The country's nudist clubs are running out of members. Soon, Germans au naturel may become extinct

Image: The New European

Did you ever wonder why many Germans appear so self-confident, over-confident even? A study by London’s Goldsmith University suggests an explanation. The paper titled The Naked Truth essentially says that nudism boosts confidence.

And we are a country of nudies. Or at least we used to be, because our Freikörperkultur (free body culture, FKK) is in decline. Germans au naturel may become extinct.

I see you sigh in relief. Claudia Schiffer once said: “I’m not against nudity. I’m German”, but you must have come across more German anatomic parts than you hoped for on European beaches. And Claudia’s weren’t among them.

Now German nudist clubs are running out of members. This summer, the Bavarian paper Augsburger Allgemeine asked: “Is society becoming ever more prudish?”
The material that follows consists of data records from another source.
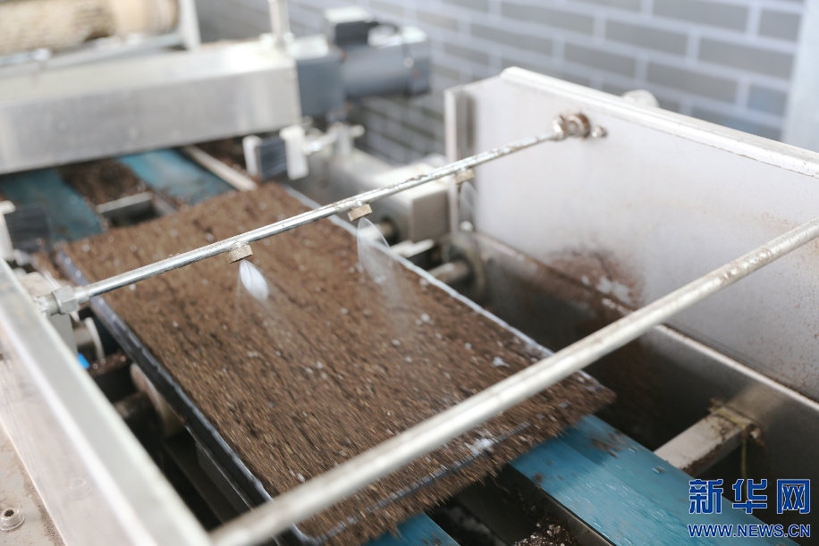 自動(dòng)播種機(jī)通過流水線方式完成播種、澆水流程。新華網(wǎng)曹楨攝
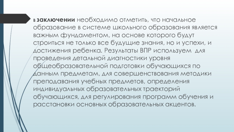 является важным фундаментом, на основе которого будут строиться не только все будущие знания, но и успехи, и достижения ребенка. Результаты ВПР используем для проведения детальной диагностики уровня общеобразовательной подготовки обучающихся по данным предметам, для совершенствования методики преподавания учебных предметов, определения индивидуальных образовательных траекторий обучающихся, для регулирования программ обучения и расстановки основных образовательных акцентов.
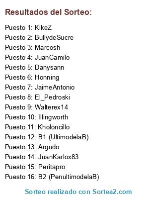 Lista de participantes: Honning, JuanCamilo, Peritapro, Walterex14, JuanKarlox83, Danysann, Argudo, KikeZ, Kholoncillo, B2 (PenultimodelaB), JaimeAntonio, B1 (UltimodelaB), BullydeSucre, Illingworth, El_Pedroski, Marcosh.
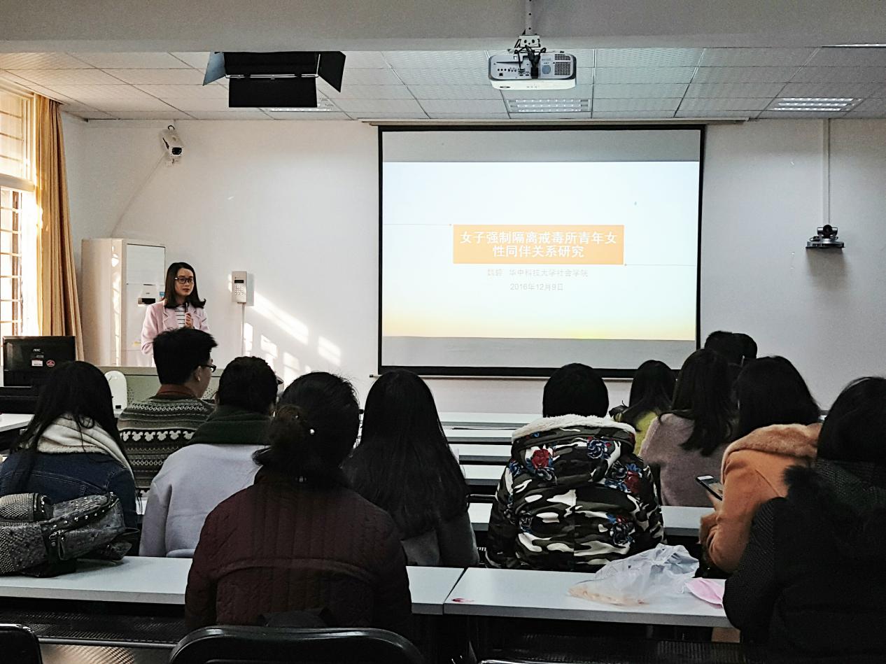 活动开场,主持人表达了对到场老师和同学的问候和感谢。在对点评老师和主讲人进行简要介绍后,魏碧开始用PPT与大家分享她的这篇文章。魏碧首先对吸毒人群的主要特征进行了一个简要的介绍,使得大家对这一特殊群体有了一个初步的了解。接下来她主要从问题提出、研究方法、研究发现及讨论这四个方面对其论文进行了分享。魏碧提到,这篇文章是基于对11位女性强制隔离戒毒学员的访谈记录、个人档案和事件经过的总结研究,结合强制隔离戒毒所管理制度,来分析女子强制隔离戒毒所内学员同伴关系表现形式和原因。研究发现,女子强制隔离戒毒所内学员同伴关系主要呈现出同伴管理、同伴矛盾、同伴互助这三类。同时,文章从戒毒所管理需求和学员需求两方面进行了分析,并在此基础上对戒毒所的管理制度提出了自己的中肯意见。随后,2016级社会工作专业硕士田璐在文章的研究目标及访谈对象的选取标准上提出了自己的问题;2015级社会保障专业硕士生高翔提出研究的问题意识不够,冲击力不强等看法,并对文章的写作规范上提出了自己的建议。主讲人魏碧也分别对同学们的问题和意见做出了相应的回应。

Because much as the Lonely Planet guide promises you’ll find “hundreds of naked sunbathers” in the Englischer Garten (the central park of Munich), tourists will be disappointed to find it “completely infested by textilists”, as nacktbaden.de complains. The website meticulously lists every official German nudist beach and spa in the country – still in their hundreds, but going down.

I’m worried, because, without being a nudie myself, I would dearly miss the viral videos of wild boar on the run with beach bags in the summer, chased by the bags’ naked owners.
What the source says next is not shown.